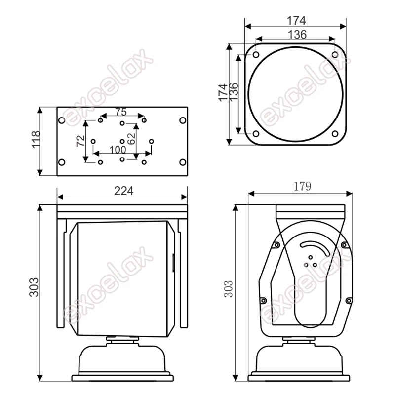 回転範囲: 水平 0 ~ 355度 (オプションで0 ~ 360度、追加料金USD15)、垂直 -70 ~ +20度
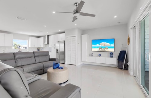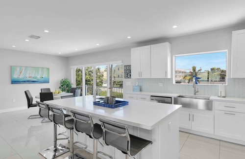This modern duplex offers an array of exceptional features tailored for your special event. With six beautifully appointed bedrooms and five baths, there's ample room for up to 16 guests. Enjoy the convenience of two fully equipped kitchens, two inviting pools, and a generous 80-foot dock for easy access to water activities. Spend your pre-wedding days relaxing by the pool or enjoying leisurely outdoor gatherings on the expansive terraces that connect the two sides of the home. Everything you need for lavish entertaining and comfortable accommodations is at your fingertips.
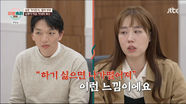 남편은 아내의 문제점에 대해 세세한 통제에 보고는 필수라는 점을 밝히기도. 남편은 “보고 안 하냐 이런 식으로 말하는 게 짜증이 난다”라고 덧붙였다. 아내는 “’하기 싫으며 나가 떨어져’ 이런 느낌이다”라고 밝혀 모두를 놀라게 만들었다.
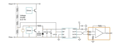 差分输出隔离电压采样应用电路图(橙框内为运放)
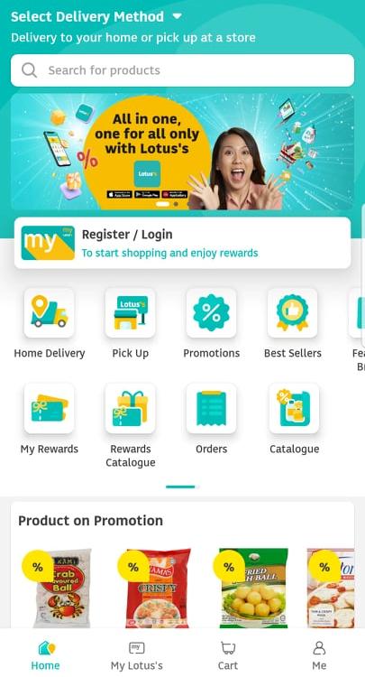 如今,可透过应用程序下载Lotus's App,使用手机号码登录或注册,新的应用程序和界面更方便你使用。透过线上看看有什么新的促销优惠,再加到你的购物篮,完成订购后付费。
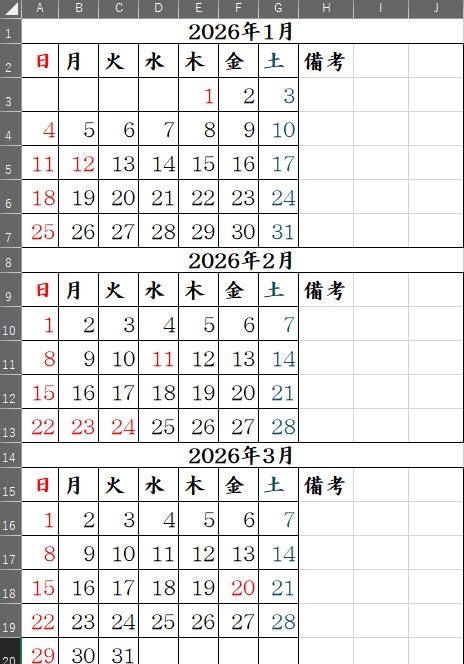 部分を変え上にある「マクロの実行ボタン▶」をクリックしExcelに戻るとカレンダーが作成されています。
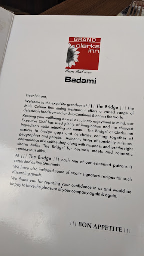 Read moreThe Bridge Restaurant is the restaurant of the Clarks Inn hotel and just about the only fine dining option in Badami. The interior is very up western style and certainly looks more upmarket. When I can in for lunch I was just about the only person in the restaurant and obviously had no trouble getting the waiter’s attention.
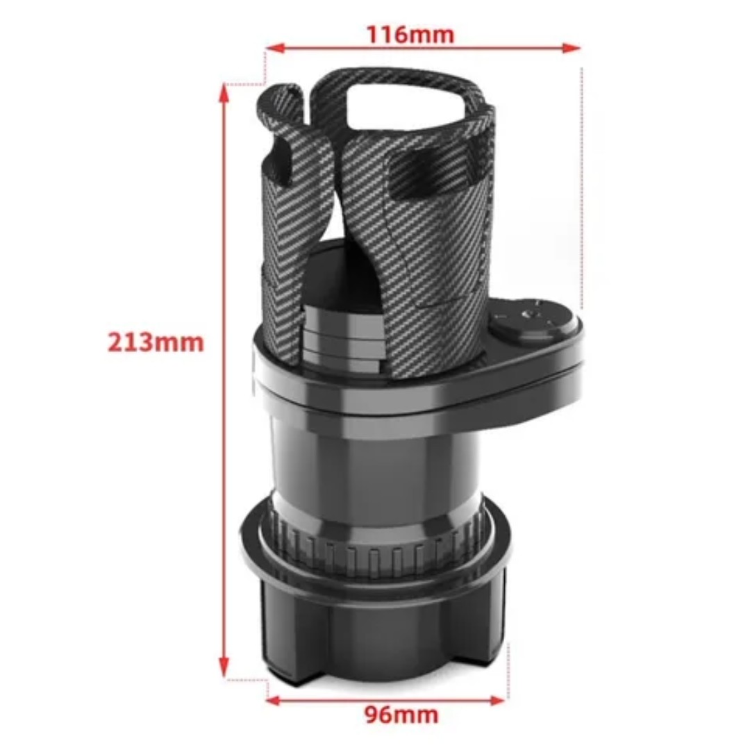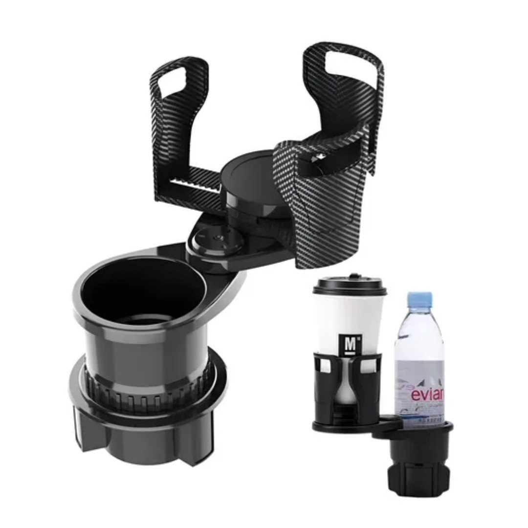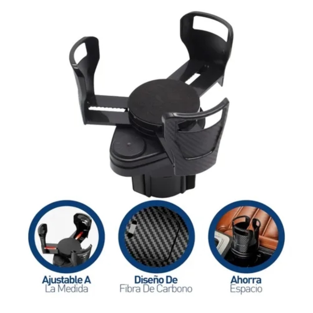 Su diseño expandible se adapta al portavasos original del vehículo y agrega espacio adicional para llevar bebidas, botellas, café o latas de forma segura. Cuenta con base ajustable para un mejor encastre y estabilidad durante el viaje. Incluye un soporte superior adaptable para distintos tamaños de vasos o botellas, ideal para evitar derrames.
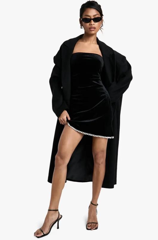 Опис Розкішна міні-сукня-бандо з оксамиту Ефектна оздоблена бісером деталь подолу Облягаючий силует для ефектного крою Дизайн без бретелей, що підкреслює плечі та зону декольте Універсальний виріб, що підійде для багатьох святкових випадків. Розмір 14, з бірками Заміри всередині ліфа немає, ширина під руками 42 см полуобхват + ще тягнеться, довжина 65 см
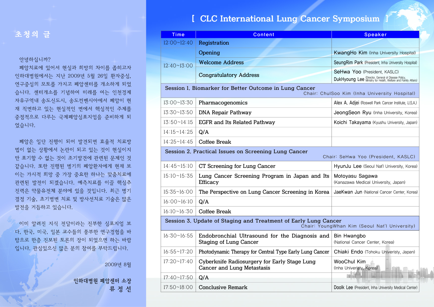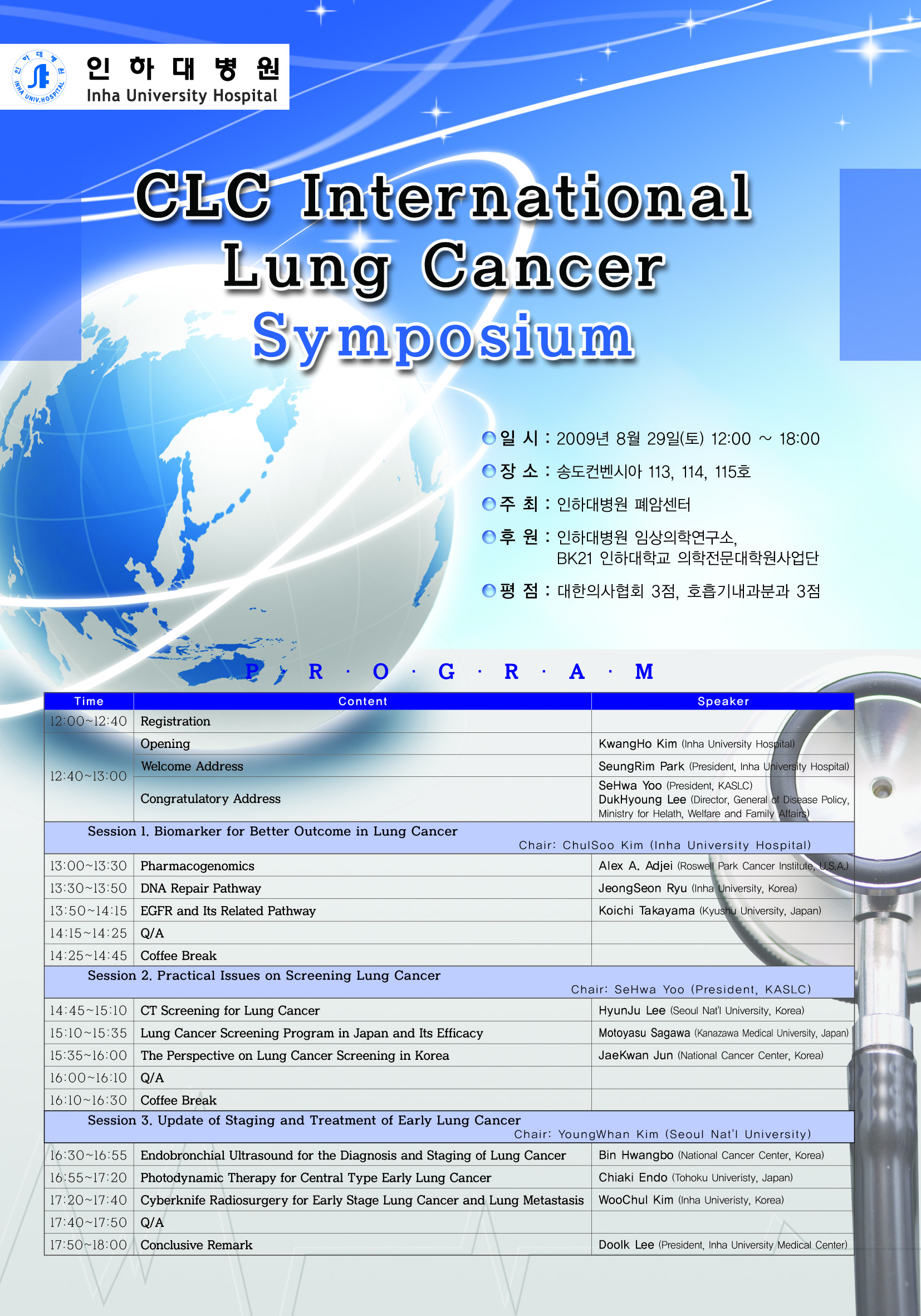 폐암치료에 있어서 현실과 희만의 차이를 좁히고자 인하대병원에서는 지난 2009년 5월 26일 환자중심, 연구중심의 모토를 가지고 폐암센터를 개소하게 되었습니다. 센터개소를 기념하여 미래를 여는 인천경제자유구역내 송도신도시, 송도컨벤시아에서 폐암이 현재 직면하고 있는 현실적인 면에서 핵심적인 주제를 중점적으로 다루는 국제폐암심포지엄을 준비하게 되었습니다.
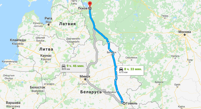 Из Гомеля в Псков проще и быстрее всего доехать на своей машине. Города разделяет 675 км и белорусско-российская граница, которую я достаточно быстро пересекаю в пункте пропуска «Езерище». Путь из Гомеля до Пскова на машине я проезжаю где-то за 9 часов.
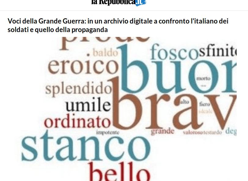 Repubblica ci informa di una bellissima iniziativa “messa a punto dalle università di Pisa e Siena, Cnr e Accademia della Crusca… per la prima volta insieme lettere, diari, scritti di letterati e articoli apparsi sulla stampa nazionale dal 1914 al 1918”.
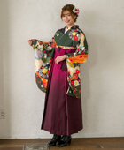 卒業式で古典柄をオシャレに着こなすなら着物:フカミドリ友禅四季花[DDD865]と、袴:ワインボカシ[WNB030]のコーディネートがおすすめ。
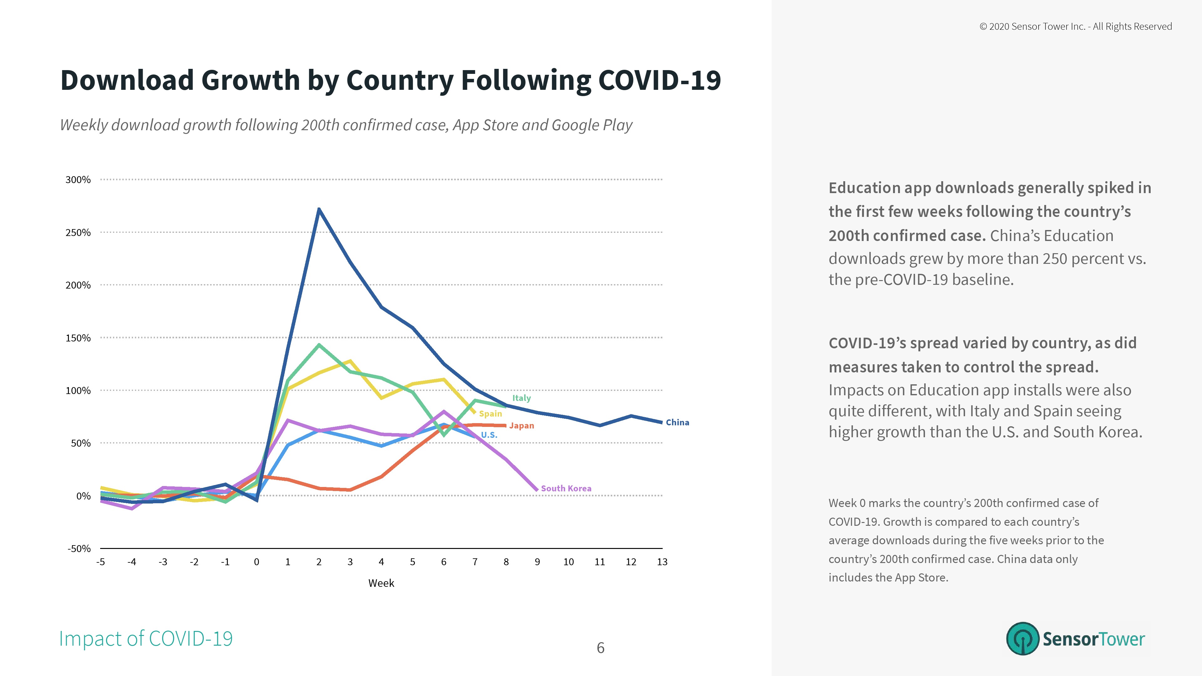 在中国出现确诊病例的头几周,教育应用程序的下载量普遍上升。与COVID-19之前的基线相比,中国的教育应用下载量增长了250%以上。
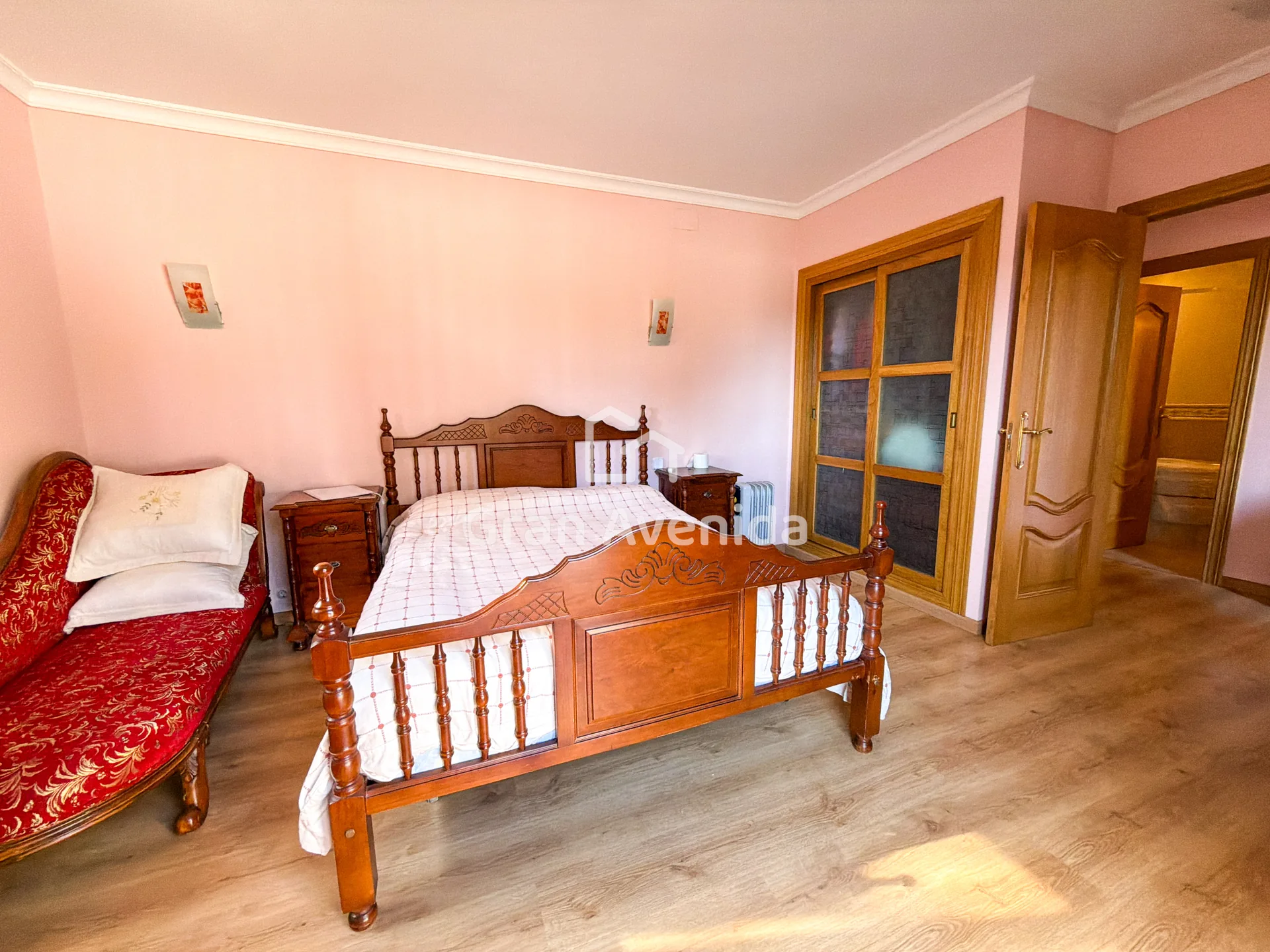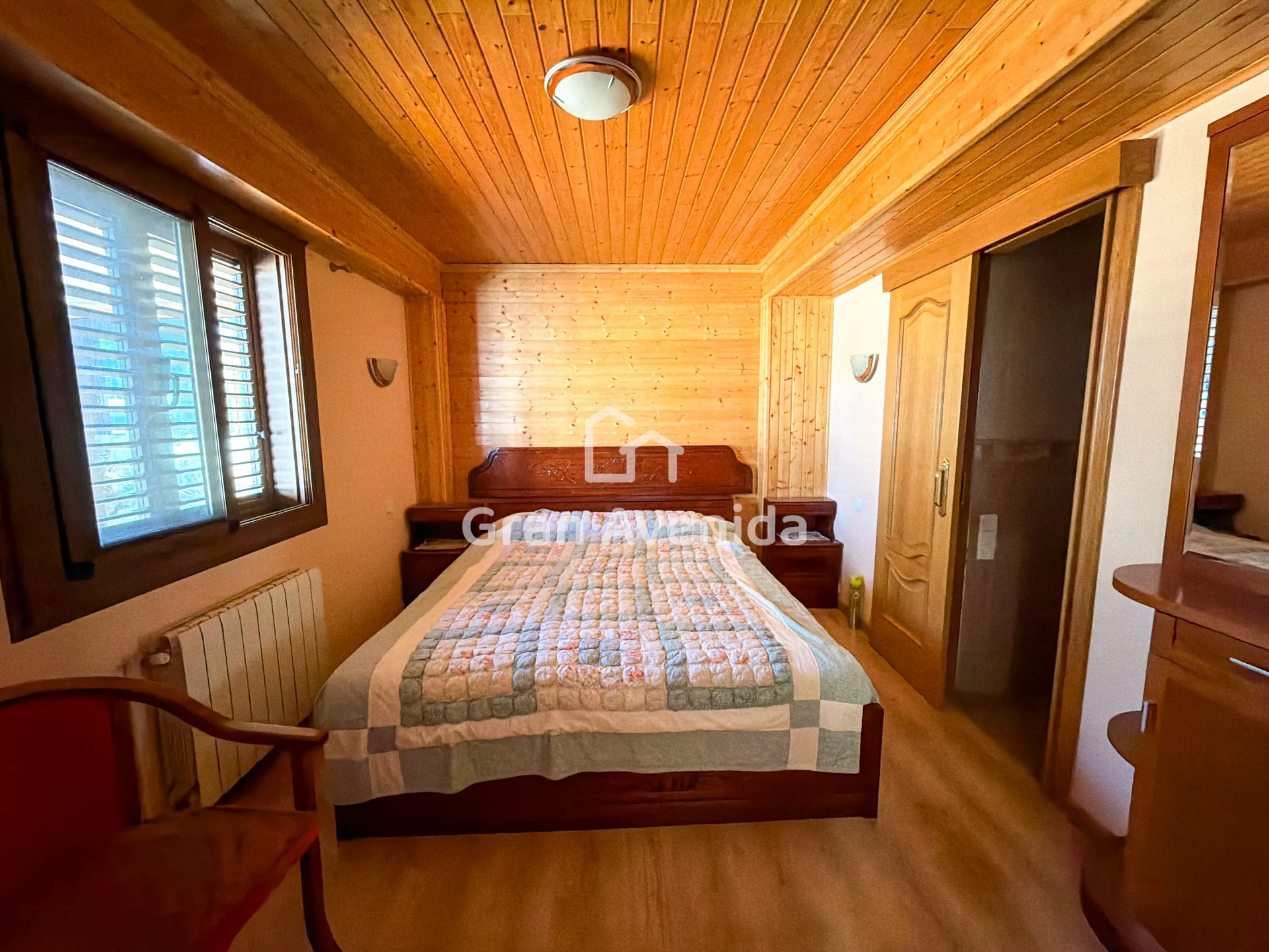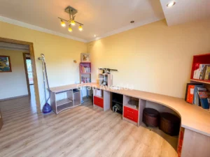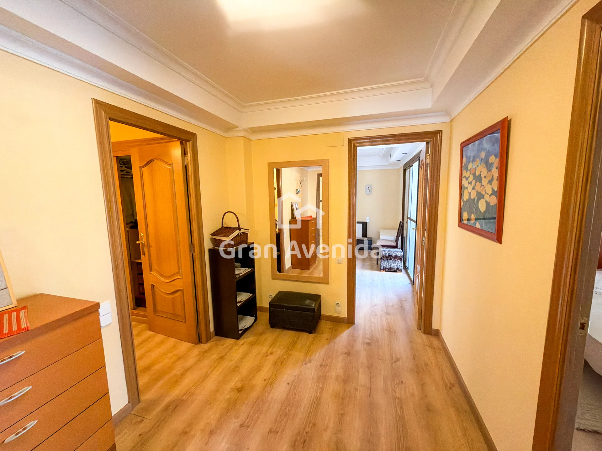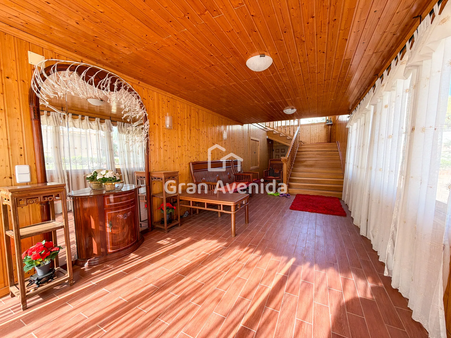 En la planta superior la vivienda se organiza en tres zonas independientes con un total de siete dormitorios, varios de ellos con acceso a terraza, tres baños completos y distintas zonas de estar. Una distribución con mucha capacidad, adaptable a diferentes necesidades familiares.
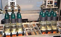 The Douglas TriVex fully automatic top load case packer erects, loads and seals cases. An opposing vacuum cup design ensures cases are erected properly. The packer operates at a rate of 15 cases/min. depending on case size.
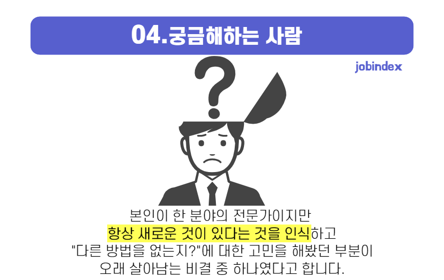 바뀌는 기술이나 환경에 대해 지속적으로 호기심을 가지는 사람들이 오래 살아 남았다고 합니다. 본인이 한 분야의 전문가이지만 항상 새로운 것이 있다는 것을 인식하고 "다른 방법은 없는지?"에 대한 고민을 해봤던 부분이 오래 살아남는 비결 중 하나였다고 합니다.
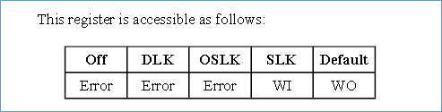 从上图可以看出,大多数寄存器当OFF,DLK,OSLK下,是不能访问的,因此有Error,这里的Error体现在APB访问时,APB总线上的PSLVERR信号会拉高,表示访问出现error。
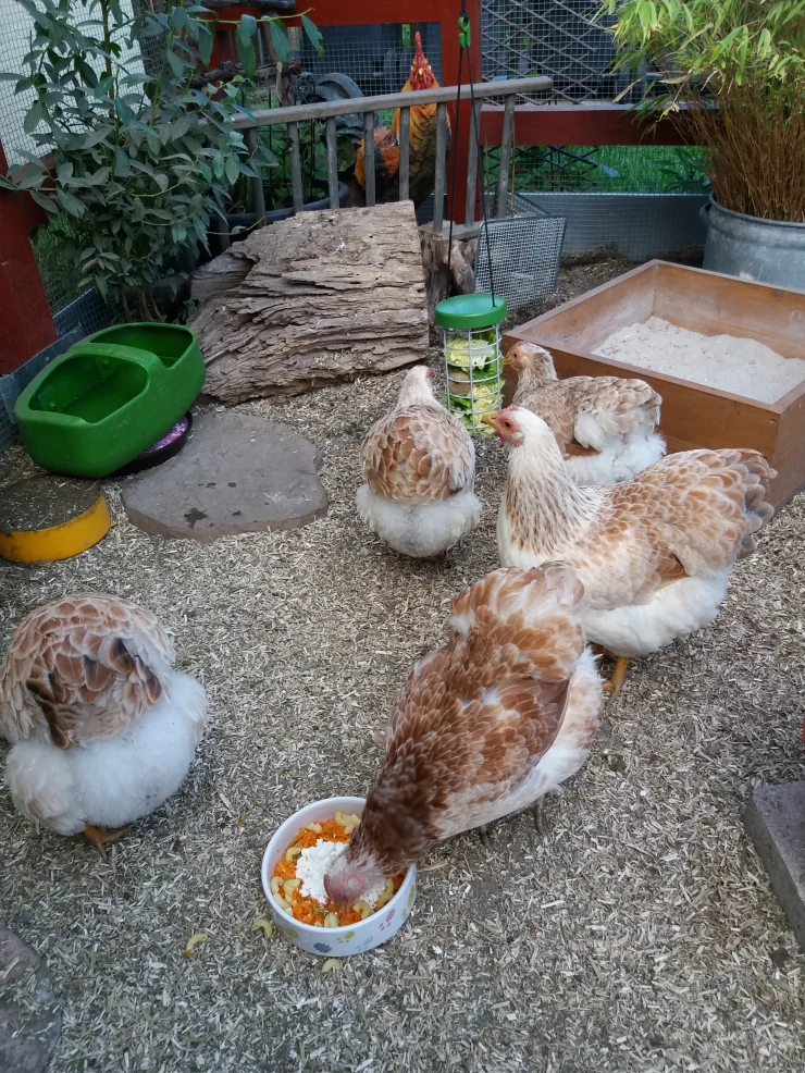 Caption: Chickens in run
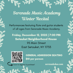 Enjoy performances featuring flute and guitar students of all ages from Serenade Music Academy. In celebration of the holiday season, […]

[Task instructions]
Everything from the line with "Read moreThe Bridge" down to the line with "Из Гомеля в" in the data above should be copied exactly, with both end lines kept and the pictures left out.

[Reply]
 Read moreThe Bridge Restaurant is the restaurant of the Clarks Inn hotel and just about the only fine dining option in Badami. The interior is very up western style and certainly looks more upmarket. When I can in for lunch I was just about the only person in the restaurant and obviously had no trouble getting the waiter’s attention.
 Su diseño expandible se adapta al portavasos original del vehículo y agrega espacio adicional para llevar bebidas, botellas, café o latas de forma segura. Cuenta con base ajustable para un mejor encastre y estabilidad durante el viaje. Incluye un soporte superior adaptable para distintos tamaños de vasos o botellas, ideal para evitar derrames.
 Опис Розкішна міні-сукня-бандо з оксамиту Ефектна оздоблена бісером деталь подолу Облягаючий силует для ефектного крою Дизайн без бретелей, що підкреслює плечі та зону декольте Універсальний виріб, що підійде для багатьох святкових випадків. Розмір 14, з бірками Заміри всередині ліфа немає, ширина під руками 42 см полуобхват + ще тягнеться, довжина 65 см
 폐암치료에 있어서 현실과 희만의 차이를 좁히고자 인하대병원에서는 지난 2009년 5월 26일 환자중심, 연구중심의 모토를 가지고 폐암센터를 개소하게 되었습니다. 센터개소를 기념하여 미래를 여는 인천경제자유구역내 송도신도시, 송도컨벤시아에서 폐암이 현재 직면하고 있는 현실적인 면에서 핵심적인 주제를 중점적으로 다루는 국제폐암심포지엄을 준비하게 되었습니다.
 Из Гомеля в Псков проще и быстрее всего доехать на своей машине. Города разделяет 675 км и белорусско-российская граница, которую я достаточно быстро пересекаю в пункте пропуска «Езерище». Путь из Гомеля до Пскова на машине я проезжаю где-то за 9 часов.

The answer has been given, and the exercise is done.